Musician Dyzelle shares her top tips for educators

Musician Dyzelle sits with a ukulele, smiling. She has short dark curly hair and is wearing a black t shirt

We know that making music with pupils who have Special Educational Needs and Disabilities (SEND) can be a bit daunting at first, so we have asked one of our musicians, Dyzelle to share her top tips. If you would like to know more, darts run free training sessions over Zoom called the All Aboard Music Network – a friendly, relaxed place for musicians and educators to gain confidence and knowledge about making music with Disabled young people. For more information, click here. 

The All Aboard Music Network events are free to attend, due to generous support by Youth Music.   


1.  Think about the barriers  

 Our society is set up for able bodied, neurotypical people experiencing good mental health.  For pupils who don’t fit that description, there may be lots of barriers to access that we need to think about (and likely a whole lot that you haven’t thought about before)!  Think about all aspects of your session and the things that might prevent young people from accessing the activities – is the room too noisy?  Does the music need to be printed bigger or printed on coloured paper?  Would a visual timetable of the activities you have planned help?   

2. Simply ask!   

This might seem a little scary, but if you aren’t sure about the best way to adapt activities, support a student or to make lessons more accessible, just ask – I always ask the pupil, so I can open up the dialogue about the barriers that are in their way and what I can do to remove those. Teachers and support staff are also great people to talk to – the pupil may already have systems or strategies in place that would work in your music lesson.

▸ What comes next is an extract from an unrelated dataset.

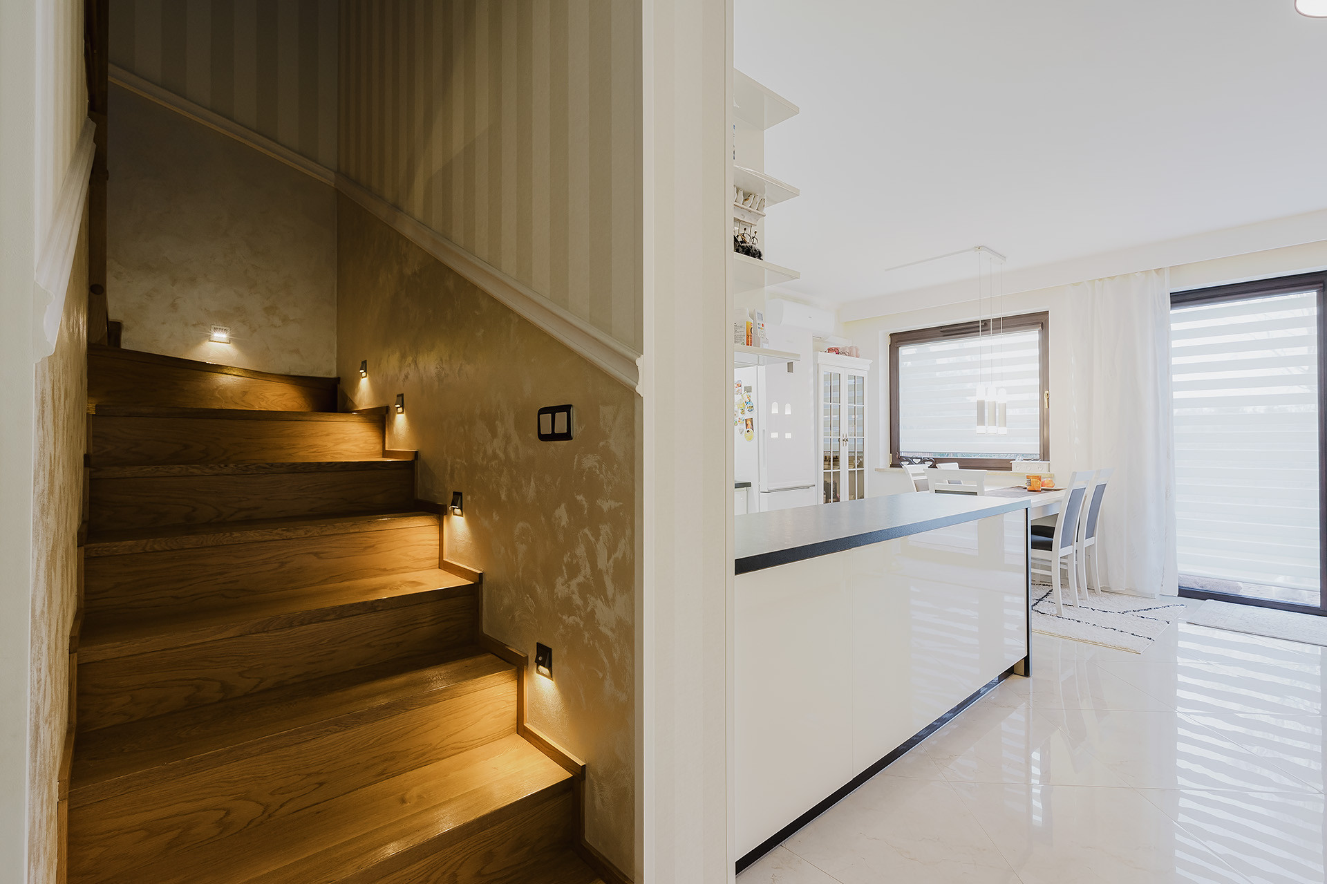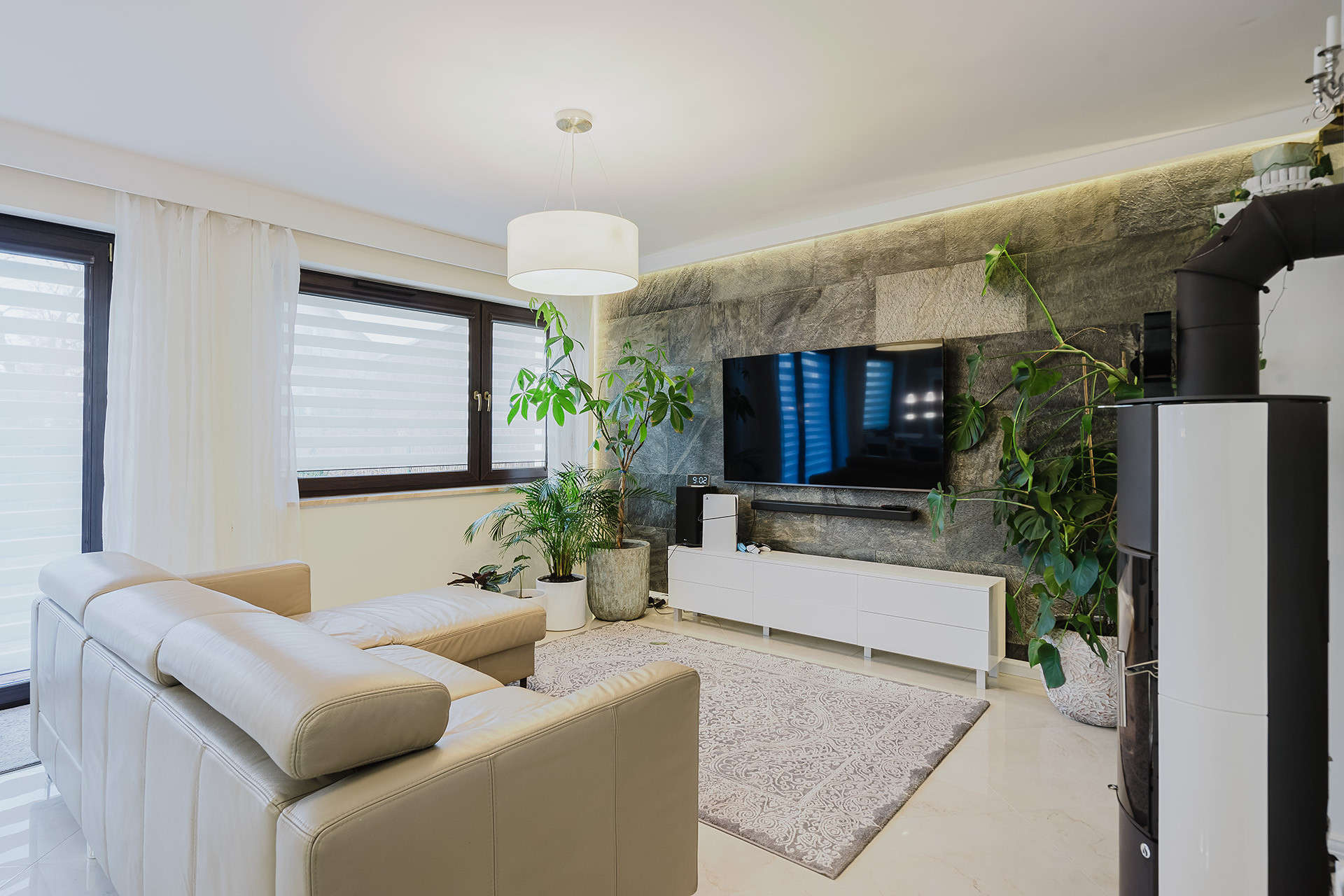 * ogrzewanie: kominek, klimatyzacja z funkcją grzania, piec dwufunkcyjny zasilany gazem, ogrzewanie podłogowe na parterze, na piętrze kaloryfery
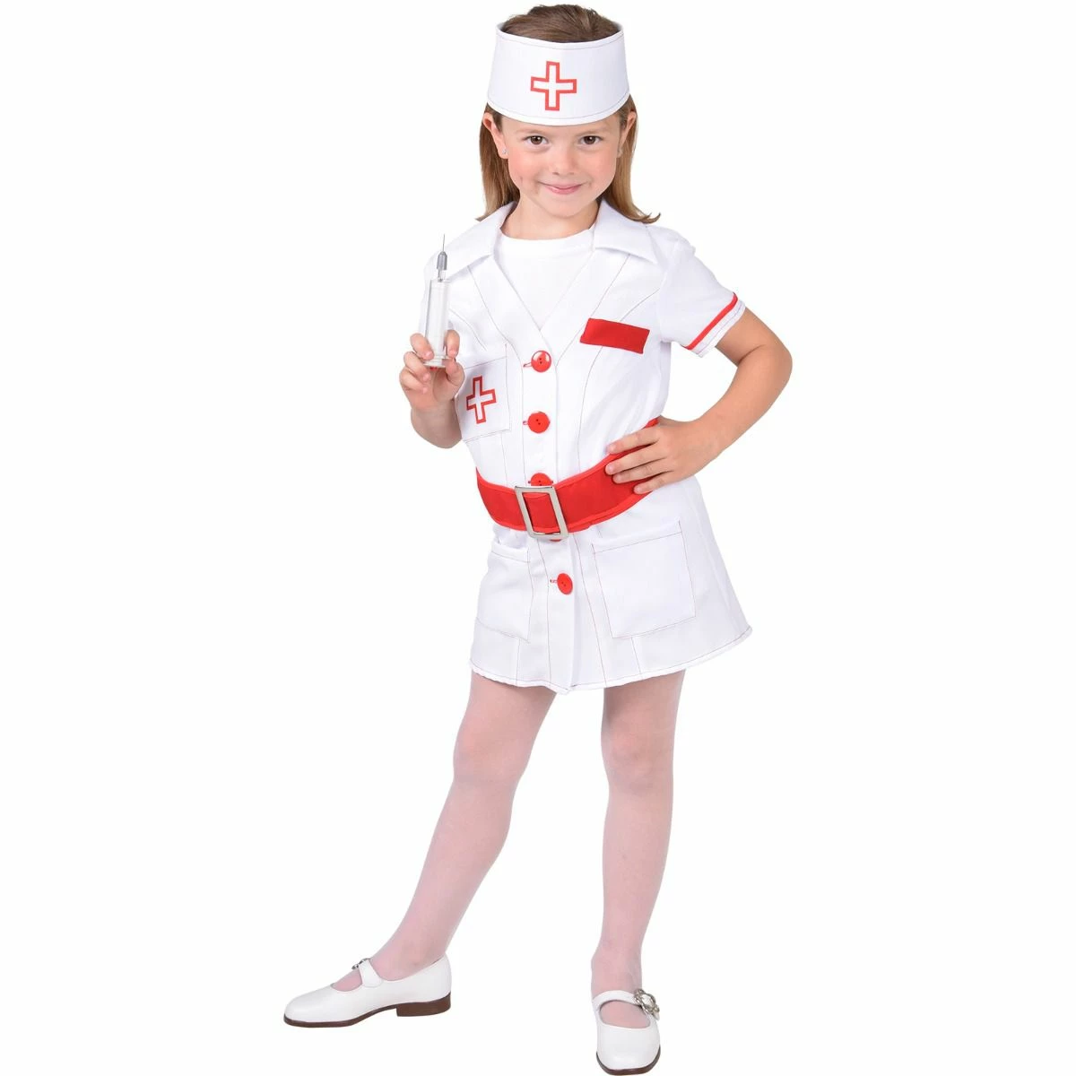 Inclusief jurk, riem en hoofdkapje.

A woman helps a girl to play a percussion instrument as part of a workshop with darts at Heatherwood School

3. Rules are meant to be broken (or worked around)  

Music has lots of rules about how instruments should be played, and these can be a barrier for our SEND pupils. For me, the most important thing is that the pupil gets to make music and if that means they need to adapt how to hold or manipulate an instrument then I’m ok with that. There are all sorts of simple ways to adapt instruments and musical equipment, so get creative – it could be as simple as re-tuning a guitar or ukulele so that the pupil only has to worry about strumming the strings, or it could be placing an instrument on a chair or table, so it is at the right height or on the side of the body that the pupil finds easiest to play it on.  You don’t need any special equipment – a lot of the adaptations I make during music workshops are simple changes that can make a big difference.  Don’t forget to ask the pupil how THEY can play the instrument.   

4. Make music relevant 

Try and find out about the types of music your pupils like and find a way to include those – even if only in small ways.  Including songs or music from other countries is also great (just do your research to make sure you are approaching this sensitively).    

5. Be flexible 

Remember that Disability can be changeable – personal circumstances and illness may change over time and solutions that worked in the past may need rethinking.  Encourage pupils to let you know if and when you need to make changes or review the support that is needed.     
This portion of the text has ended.